_What you will do:_ What is needed here is an exact printout of the data, with no pictures included.

_Given information:_

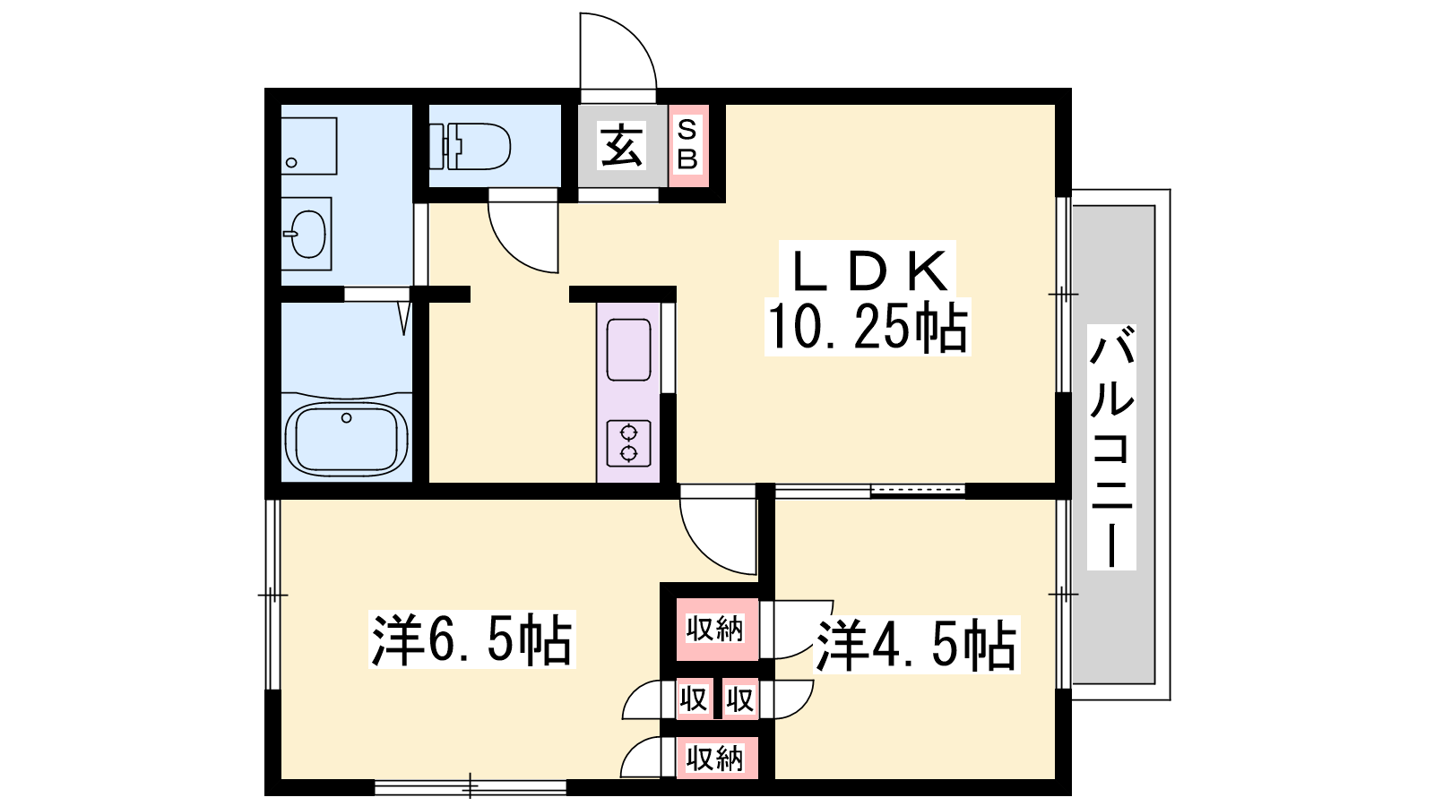 - LDK10.25帖、洋室6.5帖、洋室4.5帖
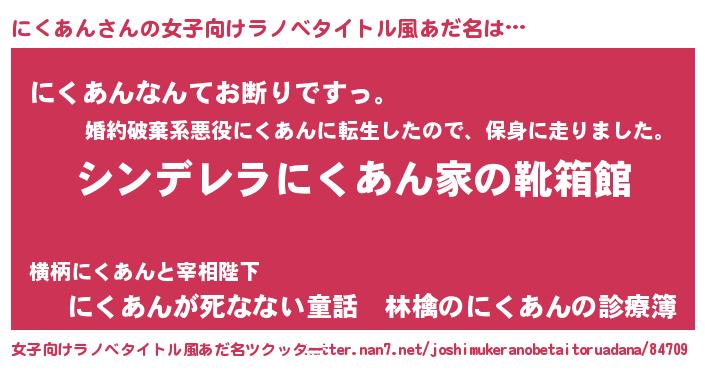 | ヘコむあだ名 | 『にくあん(苦笑)』『にく太郎』 |
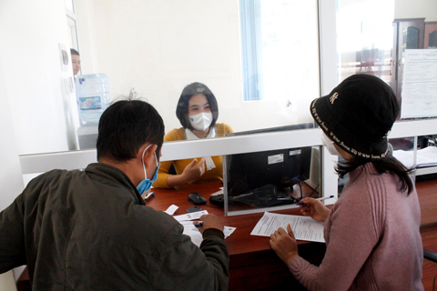 Cán bộ BHXH thị xã Buôn Hồ giải quyết hồ sơ nhận chế độ hỗ trợ cho vợ chồng chị Nguyễn Thị Thúy Oanh.
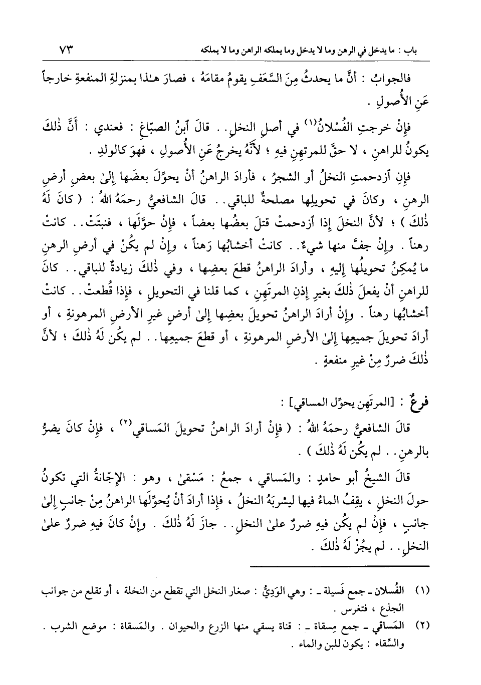 قال الشيخ أبو حامد: والمساقي، جمع: مسقى، وهو: الإجانة التي تكون حول النخل، يقف الماء فيها ليشربه النخل، فإذا أراد أن يحولها الراهن من جانب إلى جانب، فإن لم يكن فيه ضرر على النخل.. جاز له ذلك. وإن كان فيه ضرر على النخل.. لم يجز له ذلك.

_Exercise answer:_
 - LDK10.25帖、洋室6.5帖、洋室4.5帖
 | ヘコむあだ名 | 『にくあん(苦笑)』『にく太郎』 |
 Cán bộ BHXH thị xã Buôn Hồ giải quyết hồ sơ nhận chế độ hỗ trợ cho vợ chồng chị Nguyễn Thị Thúy Oanh.
 قال الشيخ أبو حامد: والمساقي، جمع: مسقى، وهو: الإجانة التي تكون حول النخل، يقف الماء فيها ليشربه النخل، فإذا أراد أن يحولها الراهن من جانب إلى جانب، فإن لم يكن فيه ضرر على النخل.. جاز له ذلك. وإن كان فيه ضرر على النخل.. لم يجز له ذلك.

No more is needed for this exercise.